> [Exercise description] Beginning with the line that holds "Vernon Enişte (sürekli" and ending with the last line of the entries, please output each line exactly, apart from any pictures.

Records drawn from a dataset
>>
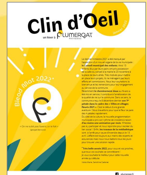
Janvier 2022 (Hiver)
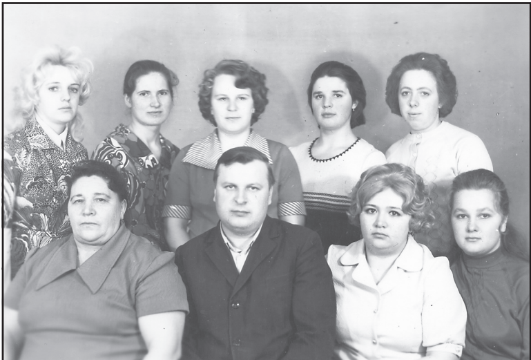
Коллектив Ильинского гастронома, апрель 1978 год.
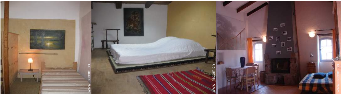
Futon(s) 2 Personen
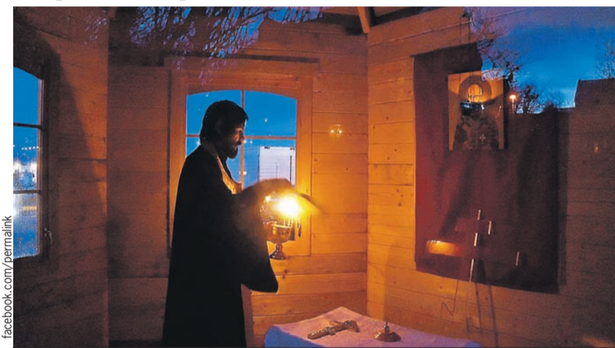
Скоро на этом месте возведут первый православный храм.

Православных в Исландии совсем немного (меньше 1000 человек). Но с тех пор как из Мо-
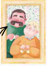
Vernon Enişte (sürekli yakını, özellikle de Harry'den)

Harry Potter bebekliğinden beri korkunç teyzesi, eniştesi ve kuzeniyle birlikte Privet Drive, Dört Numara'da yaşıyordu.
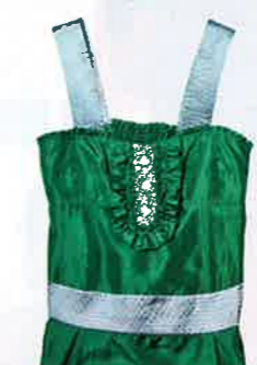
Hibiscus 綠色 satin 閃石 top $850
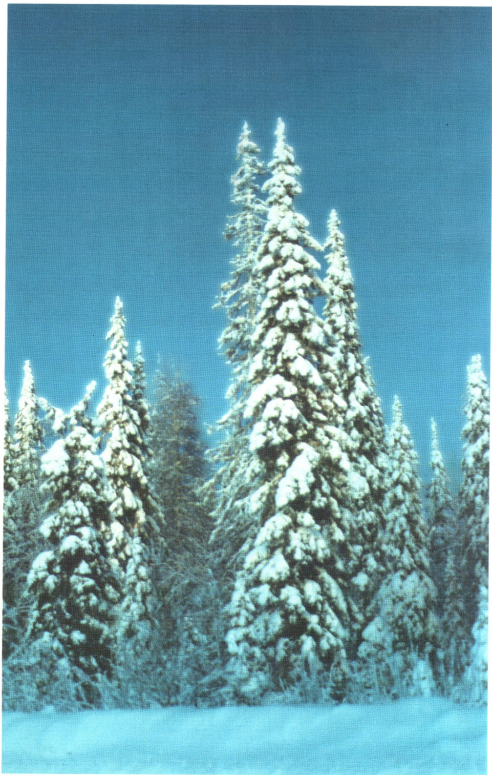
Снимокъясъс Г. Лисецкийлѳн.
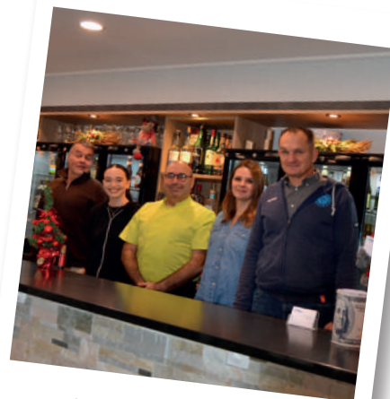
L'équipe de la brasserie
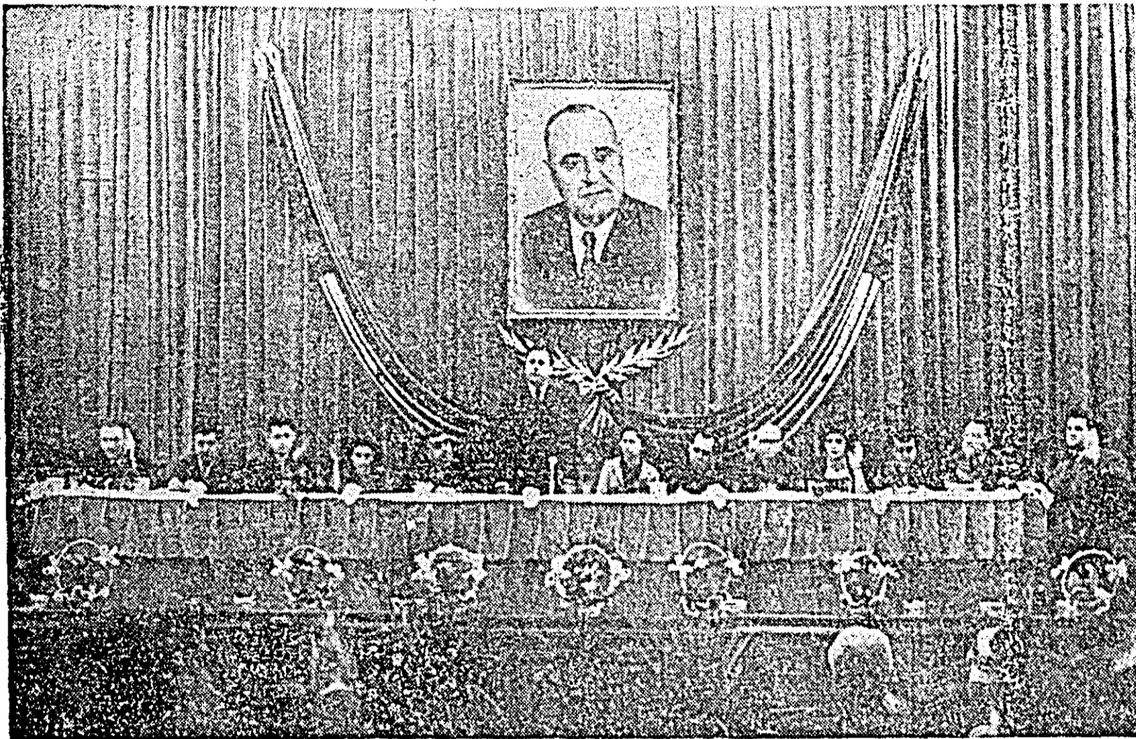
IN CLISEU: aspect din timpul lucrărilor conferinței.
<<
> [Result]
Vernon Enişte (sürekli yakını, özellikle de Harry'den)

Harry Potter bebekliğinden beri korkunç teyzesi, eniştesi ve kuzeniyle birlikte Privet Drive, Dört Numara'da yaşıyordu.
Hibiscus 綠色 satin 閃石 top $850
Снимокъясъс Г. Лисецкийлѳн.
L'équipe de la brasserie
IN CLISEU: aspect din timpul lucrărilor conferinței.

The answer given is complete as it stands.